In the prospective, pragmatic crossover trial, VAP occurred in 19% of patients receiving ceragenin-coated (Cerashield) endotracheal tubes (CSA ETTs) and 15% of patients receiving standard subglottic suction ETTs (SSETTs), a non-significant difference (RR 1.22, 95% CI 0.7-2.13, P=0.4), reported John Muscedere, MD, of Queen’s University in Kingston, Ontario, Canada, at the Society of Critical Care Medicine annual meeting. The findings were simultaneously reported in Critical Care Explorations.

However, mortality was lower in the CSA ETT group both in the ICU (20% vs 36% with SSETTs, P=0.01) and in the hospital overall (25% vs 43%, P=0.004). Patients on CSA ETTs also saw more ventilation-free days and there was a hint at a difference in antibiotic-free days, the researchers said.

The “intriguing” improved clinical outcomes, despite no difference in VAP incidence, are of “unknown significance and need to be confirmed,” Muscedere stated. “We were severely underpowered because of the numbers that we recruited, but our findings related to acceptability, safety, and implementation logistics support the conduct of a future multicenter cluster randomized study.”

VAP is estimated to occur in about 10-20 cases per 1,000 ventilator days, and prolongs mechanical ventilation approximately 7 days, as well as ICU stays approximately 8 days, Muscedere explained. ETTs act as conduits for VAP via the cuff and biofilm formation. Ceragenins — small molecules that mimic antimicrobial peptides — have previously shown effectiveness in preventing biofilm formation and reducing bacterial colonization.

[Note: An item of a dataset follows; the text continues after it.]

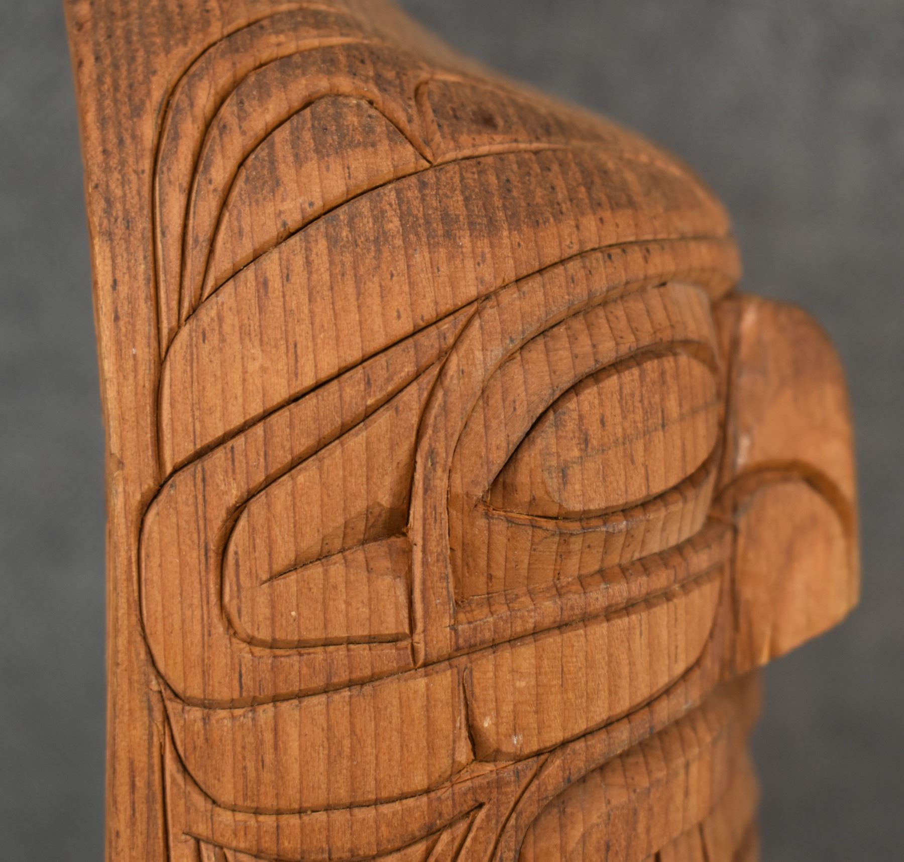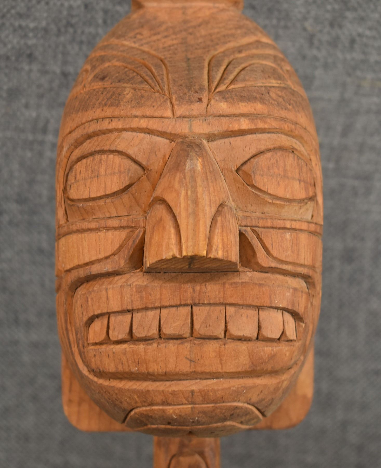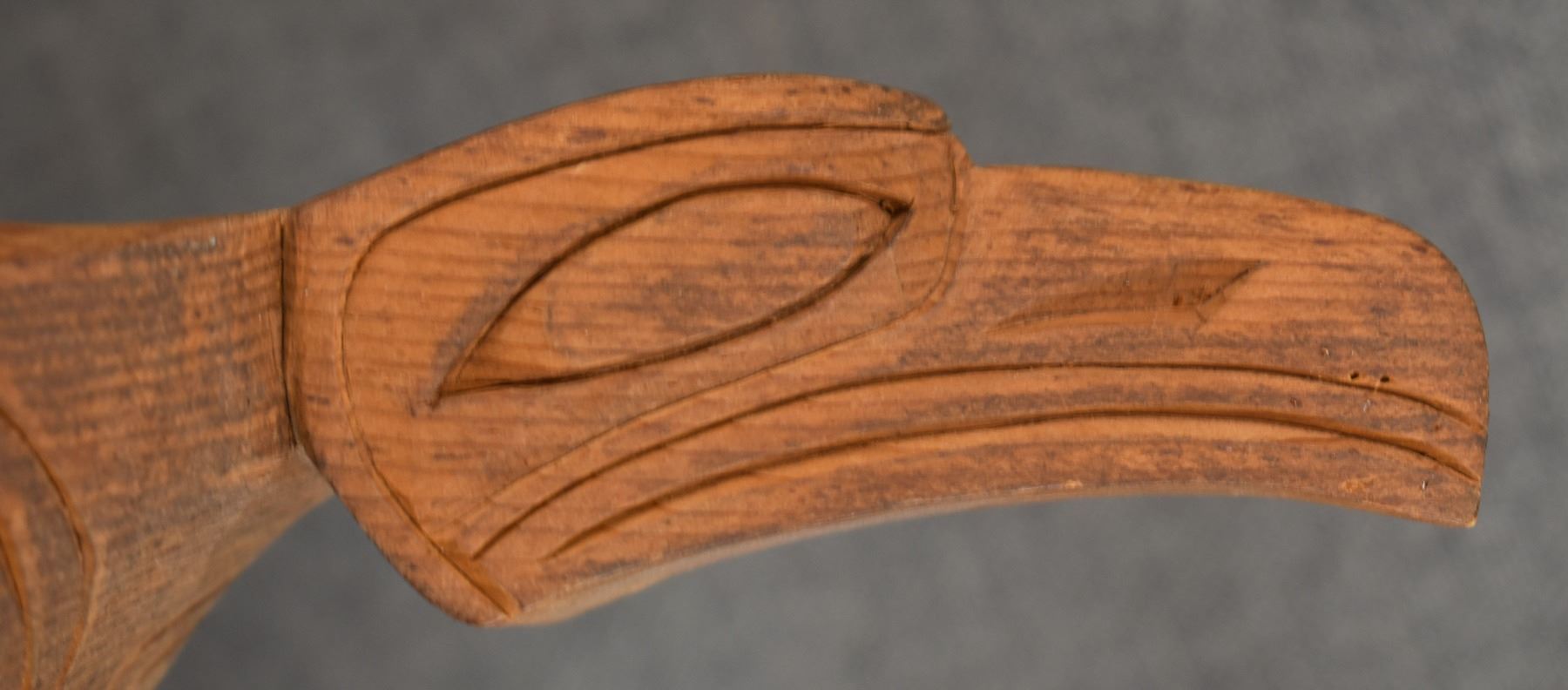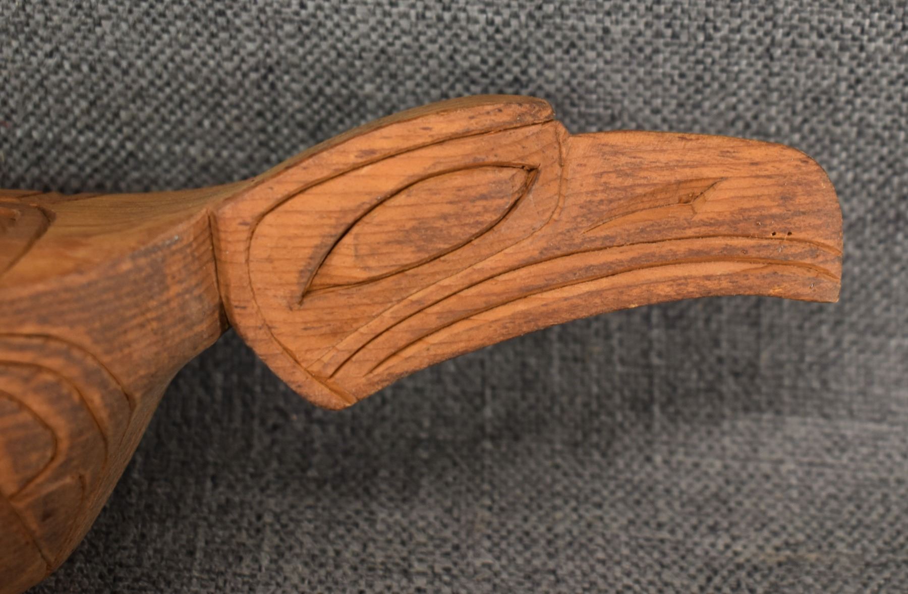 1980's Salish . Hand carved wooden rattle, signed Gary Rice. 15'' x 4'' x 3.5''

The researchers compared patient outcomes from CSA ETTs to SSETTs in a pilot study to assess the feasibility of a randomized controlled trial. After a 6-week run-in period, the hospital alternated use of SSETTs and CSA ETTs in patients using a deferred consent model.

The hospital first used CSA ETTs for 11 weeks starting in February 2023 and then had a 2-week washout period before switching to SSETTs for 11 weeks. After another 2-week washout period, they used CSA ETTs for 12 weeks, followed by a 2-week washout and then SSETTs for 12 weeks.

The 63 patients in the run-in period received SSETTs. During crossover, 100 patients received the CSA ETTs and 160 patients received the SSETTs. The patients in all three groups had a similar average age (57-61) and did not significantly differ in sex, height, weight, primary diagnosis, morbidity scores, APACHE II scores, or receipt of vasopressors, dialysis, or antibiotics. The clinical frailty score was significantly lower in the CSA ETT group (3.5 on the Clinical Frailty Scale) than in the run-in SSETT and SSETT groups (3.9).

The number of VAPs per 1,000 ventilator days was 28.6 in the CSA ETT group and 22.4 in the SSETT group (RR 1.28, 95% CI 0.73-2.23, P=0.39). Though that difference was not significant, there were several significant differences in the secondary patient outcomes.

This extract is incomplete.